▶ **THE TASK**: Leave out all pictures while repeating the records exactly and completely.

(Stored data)
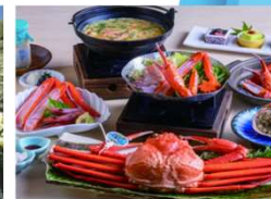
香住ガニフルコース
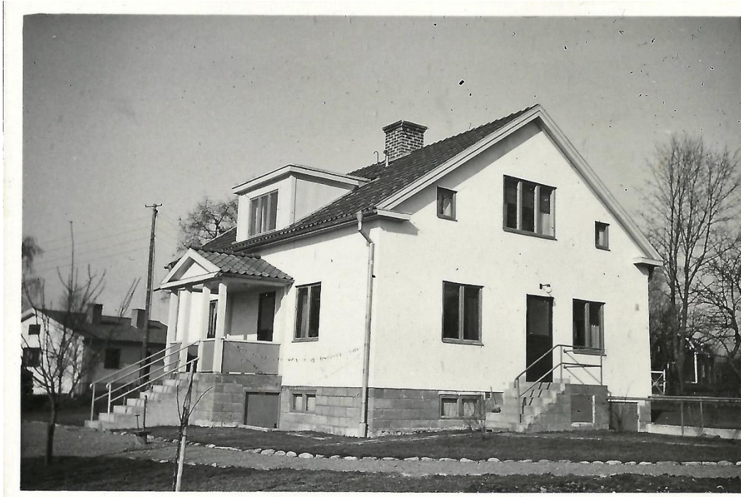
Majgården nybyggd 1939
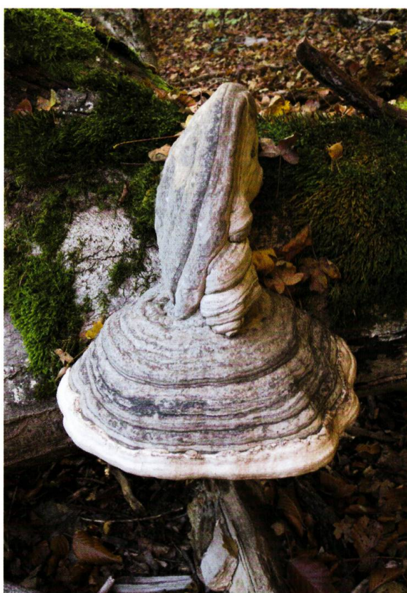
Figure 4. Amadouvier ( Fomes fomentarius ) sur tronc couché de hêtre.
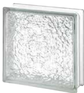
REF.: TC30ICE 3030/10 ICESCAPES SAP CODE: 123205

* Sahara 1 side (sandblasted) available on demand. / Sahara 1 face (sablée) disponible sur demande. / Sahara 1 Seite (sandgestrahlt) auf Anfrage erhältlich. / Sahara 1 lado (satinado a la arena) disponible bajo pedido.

▶ **EXERCISE OUTPUT**:
香住ガニフルコース
Majgården nybyggd 1939
Figure 4. Amadouvier ( Fomes fomentarius ) sur tronc couché de hêtre.
REF.: TC30ICE 3030/10 ICESCAPES SAP CODE: 123205

* Sahara 1 side (sandblasted) available on demand. / Sahara 1 face (sablée) disponible sur demande. / Sahara 1 Seite (sandgestrahlt) auf Anfrage erhältlich. / Sahara 1 lado (satinado a la arena) disponible bajo pedido.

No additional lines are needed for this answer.